= Sadie Thompson (musical) =

Sadie Thompson is a 1944 musical in two acts and three scenes by composer Vernon Duke and lyricist Howard Dietz. The musical book, written by Dietz and Rouben Mamoulian, is based on the short story "Rain" by W. Somerset Maugham, published in the literary magazine The Smart Set in 1921. Originally written as a vehicle for Ethel Merman, the actress withdrew from production on September 29, 1944 after just a week and a half of rehearsals, and the lead part went to June Havoc. The work premiered at the Sam S. Shubert Theatre in Philadelphia on October 26, 1944 where it ran for two weeks of tryout performances, then moved to New York. The original production was produced by A.P. Waxman, directed by Mamoulian, and choreographed by Edward Caton. Boris Aronson designed the sets, and the Motley Theatre Design Group designed the costumes.

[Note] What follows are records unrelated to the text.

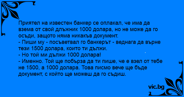 - Пиши му - посъветвал го банкерът - веднага да върне тези 1500 долара, които ти дължи.
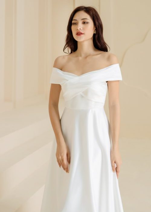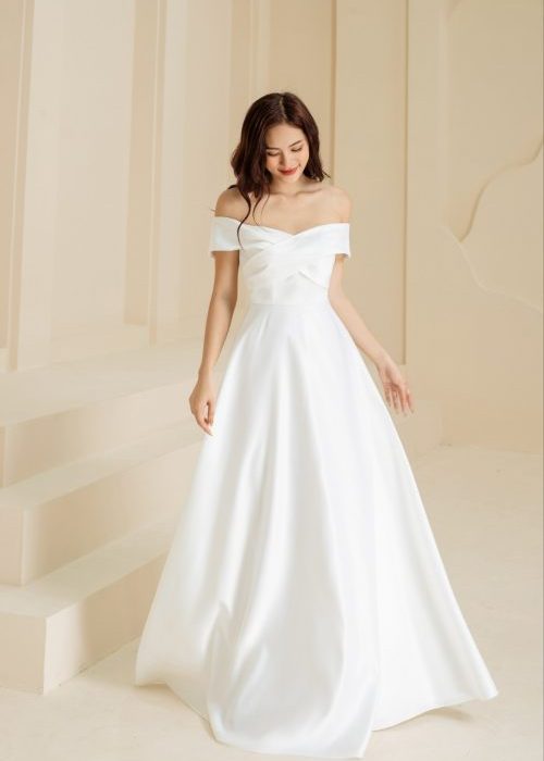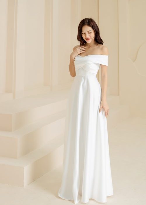 Đầm Dạ Hội Trắng Trễ Vai Sang Trọng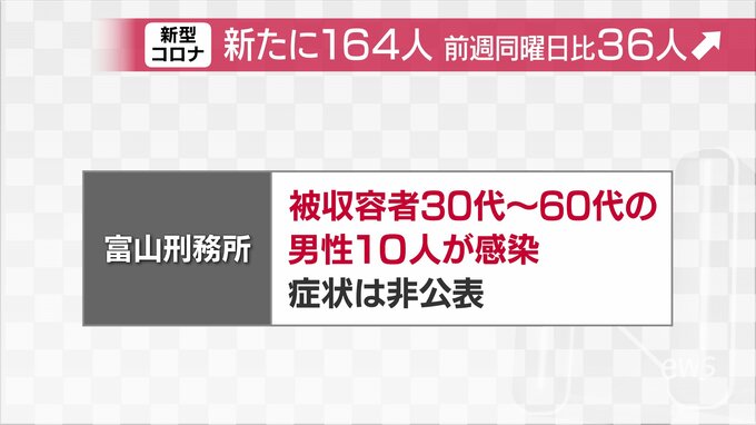 また富山刑務所は収容されている30代から60代の男性10人が感染したと発表しました。富山刑務所は個別の症状については明らかにしていません。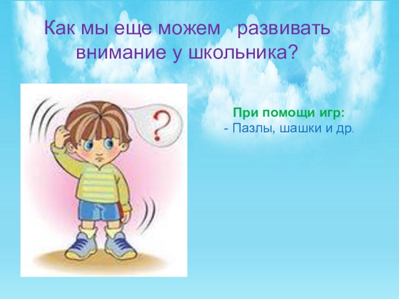 - Положить в ряд 7-10 различных предметов и прикрыть их. Приоткрыв их секунд на 10, снова закрыть и предложить ребенку перечислить все.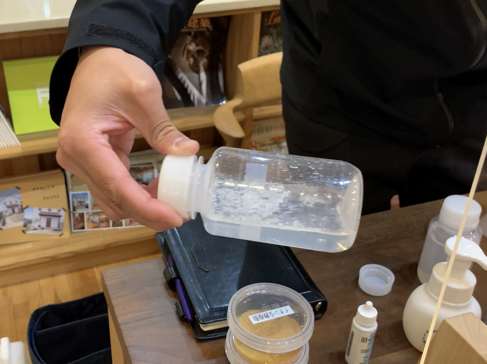比べていただくと泡立ちが良い軟水の水は透明に近いですが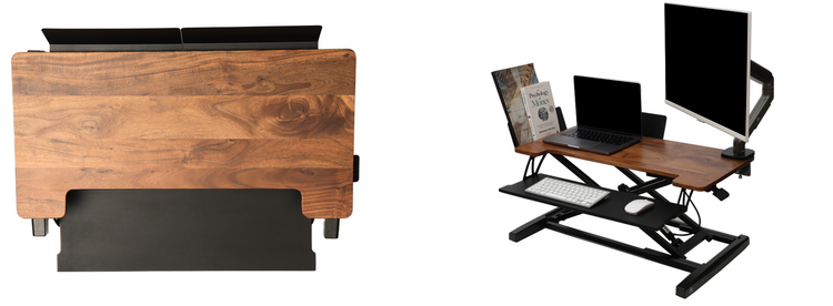 - [HIGH QUALITY MATERIAL WITH CLEAN DESIGN] The worksurface of the Flowlyf standing desk converter is made with SOLID ACACIA WOOD with rounded edges in the corner to give you a more relaxed support for comfort working. It comes with a UTILITY TRAY. The height adjustable gas spring mechanism is tested for 10000 cycles. The metallic frame with powder costing makes it a ultra-premium product.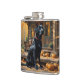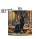 Um belo Labrador Retriever negro senta-se em frente a uma cabana acolchoada na floresta no outono
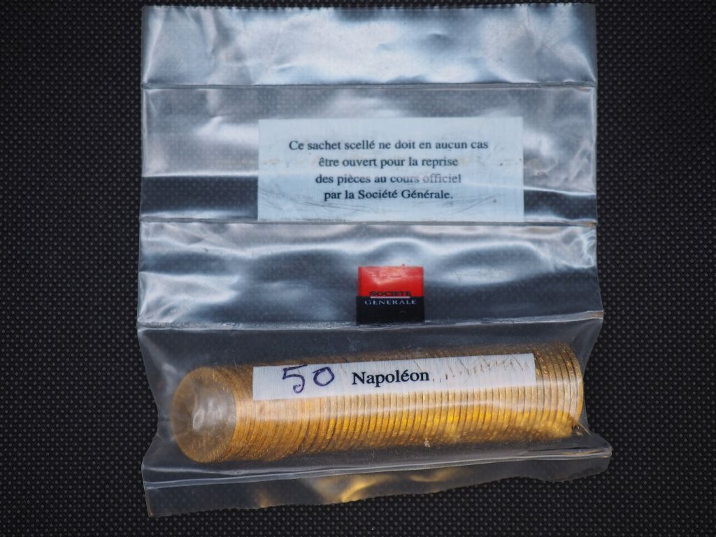 50 pièces de 20 Francs or (une date visible 1913) Dans un sachet sous scellé de Banque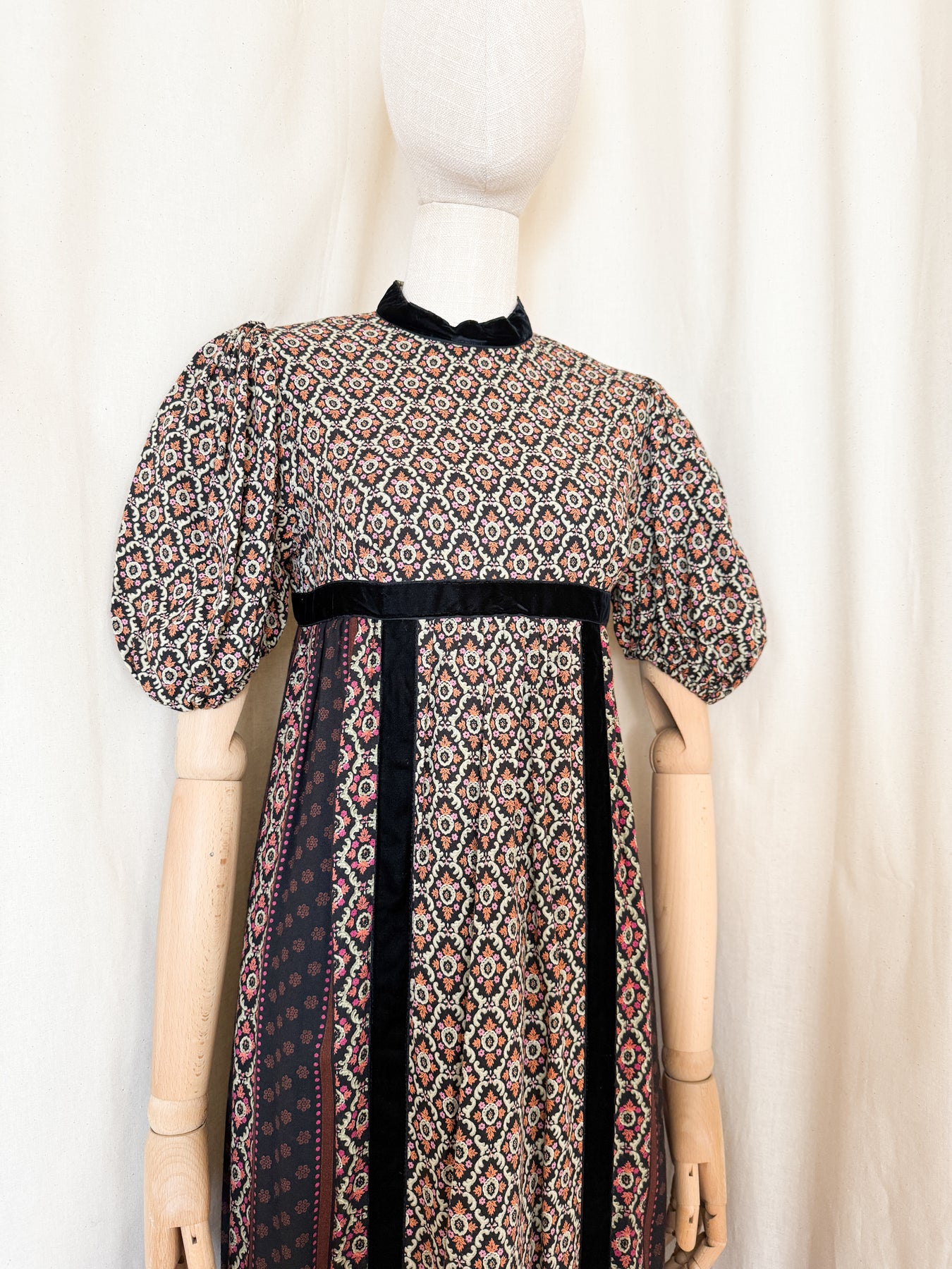The ultimate autumn dream, this precious wool blend 70s empire line maxi is just adorable, with beautiful mixed prints on a black base with thick black velvet trims. She has a high collar and puff sleeves and is a dream when worn.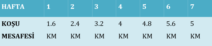 Yeni başlayanlar için genellikle 5 km koşuları eğlenceli, rahat ve sürdürülebilirdir. Aşağıdaki yönlendirmeyi takip ederek başlayabilirsiniz. Unutmayın “Koş-Yürü” yöntemini burada kullanabilirsiniz. Aşağıdaki plana 7 hafta sadık kalarak gelişiminizi takip edin.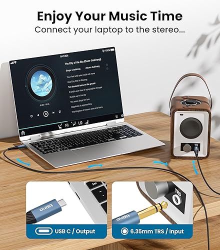 With this usb c to 1/4 inch audio cable, you can connect the audio signal from your smartphone, tablet, or laptop with a USB-C port output connector to your home Hi-Fi system, car stereo radio, stereo, speakers, mixer, amplifier, or other device equipped with a 1/4-inch TRS to play music. Its plug-and-play functionality ensures smooth and seamless audio transmission without the need for additional software, perfect for driving, family gatherings, office meetings and more.

Sadie Thompson debuted on Broadway at the Alvin Theatre on November 16, 1944, with a cast led by June Havoc as Sadie Thompson, Lansing Hatfield as Reverend Alfred Davidson, James Newill as Sergeant Tim O'Hara, Ralph Dumke as Joe Horn, Grazia Narciso as Ameena, Zolya Talma as Mrs. Alfred Davidson, Walter Burke as Quartermaster Bates, Daniel Cobb as Corporal Hodgson, Norman Lawrence as Private Griggs, and Doris Patston as Cicely St. Clair. The production closed after 60 performances on January 6, 1945.